Green subsidies falling prey to economic reality across the globe

December 8, 2010 06:17


Across the world, unsustainable subsidies for wind and solar are being cut back.

The realities of the economic failure of alternative ‘green’ energy may do what the disclosure of the global warming hoax has not. Countries are reining in spending on heavily subsidized wind and solar energy facilities as they seek ways to cut spending and borrowing to head off financial collapse. ~ Editor

at FINANCIAL POST

EXCERPTS:

On Friday, Spain slashed payouts for wind projects by 35% while denying support for solar thermal projects in their first year of operation.

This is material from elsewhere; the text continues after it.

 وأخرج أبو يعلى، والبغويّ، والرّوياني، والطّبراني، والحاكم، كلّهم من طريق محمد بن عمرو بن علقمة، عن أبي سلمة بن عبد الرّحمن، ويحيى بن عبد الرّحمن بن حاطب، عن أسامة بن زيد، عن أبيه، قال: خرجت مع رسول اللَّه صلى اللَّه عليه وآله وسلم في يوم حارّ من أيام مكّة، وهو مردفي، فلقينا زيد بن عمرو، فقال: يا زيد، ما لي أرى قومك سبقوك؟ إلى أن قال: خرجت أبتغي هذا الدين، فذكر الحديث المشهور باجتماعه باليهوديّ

France announced a four-month freeze on solar projects and a cap on the amount of solar that can be built, to nip a “veritable speculative bubble” by its rapacious renewables industry.

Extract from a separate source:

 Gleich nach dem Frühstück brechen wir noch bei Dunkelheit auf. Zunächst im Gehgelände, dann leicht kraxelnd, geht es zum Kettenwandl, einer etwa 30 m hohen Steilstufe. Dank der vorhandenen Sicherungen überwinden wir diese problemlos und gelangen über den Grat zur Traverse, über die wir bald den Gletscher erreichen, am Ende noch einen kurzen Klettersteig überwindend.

German government announced it may discontinue the solar industry’s sweetheart tariffs in 2012. This latest announcement follows a surprise reduction in 2009 and another reduction to start in 2011. More is in the offing.

New South Wales, Australia’s most populous state, slashed by two-thirds the revenue that homeowners who had installed solar panels would receive, from 60¢ per kilowatt-hour to 20¢.

the U.K. government announced that withering spending cuts were coming to renewable projects, many of which have already been withering, and not just due to government austerity measures, or to the consumer backlash against rising power rates.

The coming collapse of the renewables industry — largely a creature of backroom lobbying for government favours by multinationals — is also evident on this side of the ocean. In the U.S., state regulators in Florida, Idaho, Kentucky, Rhode Island and Virginia have either cancelled or delayed renewable-energy projects that would raise rates on consumers, even when the rate hike that would have resulted was well under 1%.

With rising sentiment against renewables, new wind-power installations in the U.S. were down by more than 70% in the first three quarters of 2010, when compared with 2009.